一个简单(但绝不是最好)的方法是对数据执行几次“中值抛光”迭代,以清除用户中值和时间段中值,然后随着时间的推移平滑残差。确定变化很大的平滑:它们是您要在图形中强调的用户。
因为这些是计数数据,所以使用平方根重新表达它们是个好主意。
作为可能产生的结果的一个例子,这里是一个模拟的 60 周数据集,包含 240 个用户,他们通常每周执行 10 到 20 个操作。在第 40 周之后,所有用户都发生了变化。其中三个被“告知”对变化做出负面反应。左图显示了原始数据:随时间变化的用户操作计数(用户以颜色区分)。正如问题中所说,这是一团糟。右图显示了此 EDA 的结果——颜色与之前相同——自动识别并突出显示响应异常的用户。标识——虽然它有点特别——是完整和正确的(在这个例子中)。
这是R
生成这些数据并进行分析的代码。它可以通过多种方式进行改进,包括
尽管如此,测试表明该解决方案适用于广泛的用户数量,12 - 240 或更多。
n.users <- 240 # Number of users (here limited to 657, the number of colors)
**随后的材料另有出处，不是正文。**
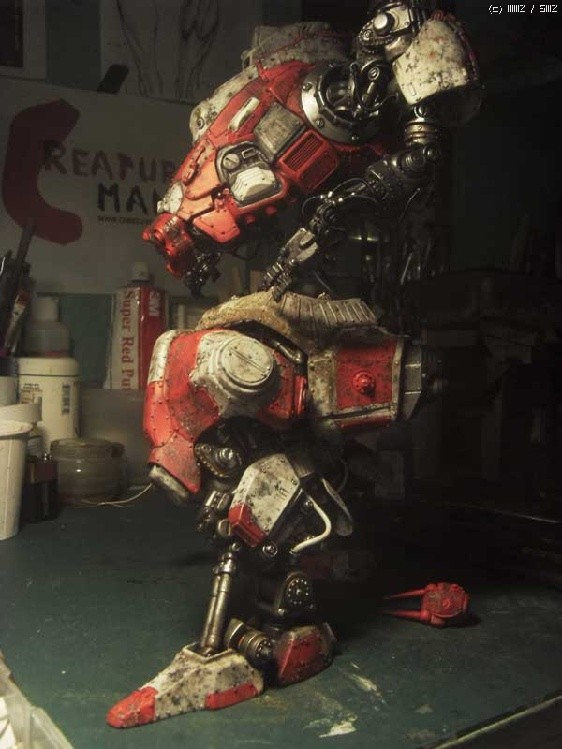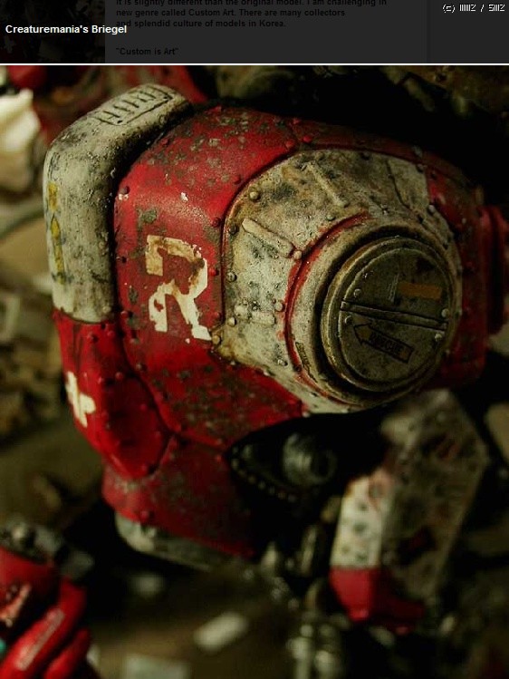 저도 문명이 사라진후라는 소설을 쓰고 모형도 만들며 잡지에 기고도 했던 사람이지만 로봇에 대한 로망이 아직 식지 않은 모양인지 정말 충격적인 작품이었습니다. 기계로 찍어낸 손맛이 느껴지는 작품 그것은 제가 추구하는 크리어쳐모델링의 기본 개념이어서 더욱 놀라웠던 작품이었습니다.이걸 만든 원작자는 이탈리아 사람이라고 하더군요

n.periods <- 60 # Number of time periods
i.break <- 40 # Period after which change occurs
n.outliers <- 3 # Number of greatly changed users
window <- 1/5 # Temporal smoothing window, fraction of total period
response.all <- 1.1 # Overall response to the change
threshold <- 2 # Outlier detection threshold
# Create a simulated dataset
set.seed(17)
base <- exp(rnorm(n.users, log(10), 1/2))
response <- c(rbeta(n.users - n.outliers, 9, 1),
rbeta(n.outliers, 5, 45)) * response.all
actual <- cbind(base %o% rep(1, i.break),
base * response %o% rep(response.all, n.periods-i.break))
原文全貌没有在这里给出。